I want to learn programming/computer science but....?

Hi
Depending on what you are interested in you can take a look at w3schools.

There offers a variety of tutorials on html, html5, css, css3, javascript, sql, asp and such. However its more for web based applications.

I had studied 3 years of computer science at the Pre- University level and 4 years pf computer engineering at the university.

For programming, i started to learn the basics for java, before going on to the more advance polymorphism and finally the more advance enterprise application and window application development.

After learning java for 1 semester, I was introduced to the visual basic, which i feel it is easier than java due to the GUI IDE which allow me to drag and drop and double clicks on controls and the methods to handle events are automatically generated. Of course these are emtpy methods which i need to fill in what to do.
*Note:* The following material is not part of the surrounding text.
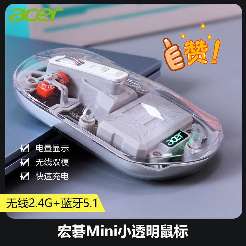acer宏碁透明无线蓝牙鼠标静音手机平板笔记本电脑通用可充电滑鼠
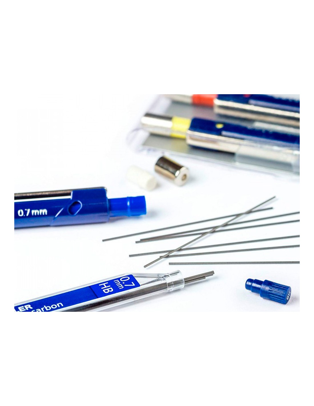 De grafito. Color negro intenso. Alta resistencia y flexibilidad. El estuche 12 minas.

After that i was introduced to C programming. Which is truly a power language but not as easy to pick up compared to visual basic and java.

Throughout my education, 7 years in fact, no one taught me about Javascript, very little on HTML and CSS. I was expected to learn on my own.

In fact, you could start by exploring that too. HTML...

To create a web page using notepad.

1) Create a new notepad and name it mypage.html or mypage.htm
2) Put the following in the file you created.


This is the page you created. Congrats!


3) Save the file and double click it to launch it in your default web browser

Career guidance!! Should i become a programmer?

Daniel,

Firstly, if you're concerned about the economy, you should check out the estimates the Bureau of Labor Statistics provides on the 30 fastest growing professions. Software programming is a profession that is in demand and will continue to be for a while. Here's the link to the BLS:

http://www.bls.gov/news.release/ecopro.t06.htm

Secondly, you seem to be on the fence about choosing this profession. I feel if you have some interest in this profession, explore it. By that I mean, get an internship in software programming. If you can afford it, unpaid internships are a fantastic way of getting well-needed experience and will ultimately assist you in learning if this profession is right for you.

Thirdly, are you attending a 4-year college/university? If so, you can switch your major if you find out you don't like this field. I hope this helps you. If ever you need more free career advice, find me here:

http://www.nextstepscareer.com/forum.php

Note: NSCS' Free Career Advice Forum is just getting under way, which means the team has tons of time to provide personal solutions :)!